The listing below is to be given again in full and word for word, without its images.

» **Information supplied**:
________________
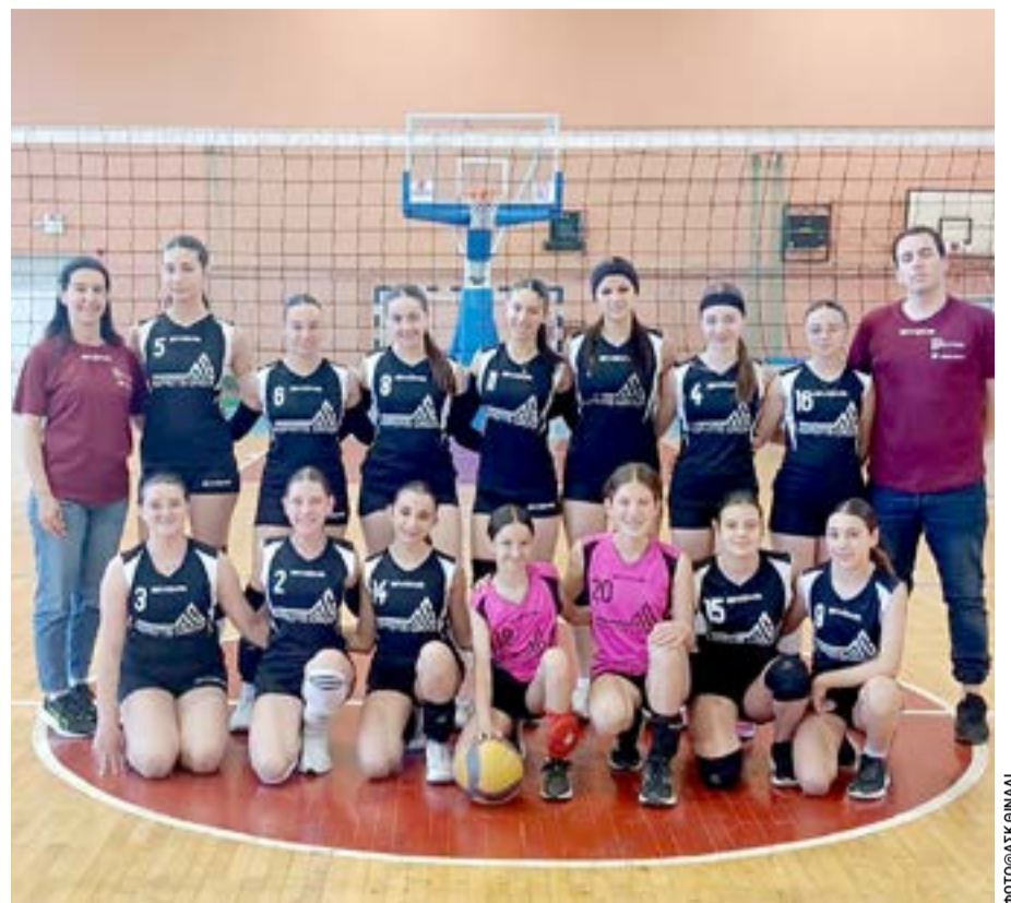
Η ομάδα κορασίδων του Θινάλιου

Η αήττητη πορεία της ομάδας, ανάμεσα σε δεκαεπτά συλλόγους της Περιφέρειας, αποτελεί ένα εξαιρετικό επίτευγμα που γεμίζει υπερηφάνεια ολόκληρη την Κέρκυρα και ιδιαίτερα το Δήμο Βόρειας Κέρκυρας, την οποία
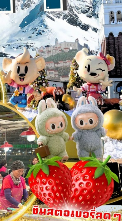
ตลาดกวางจ็อง
________________
» **Result of this task**:
Η ομάδα κορασίδων του Θινάλιου

Η αήττητη πορεία της ομάδας, ανάμεσα σε δεκαεπτά συλλόγους της Περιφέρειας, αποτελεί ένα εξαιρετικό επίτευγμα που γεμίζει υπερηφάνεια ολόκληρη την Κέρκυρα και ιδιαίτερα το Δήμο Βόρειας Κέρκυρας, την οποία
ตลาดกวางจ็อง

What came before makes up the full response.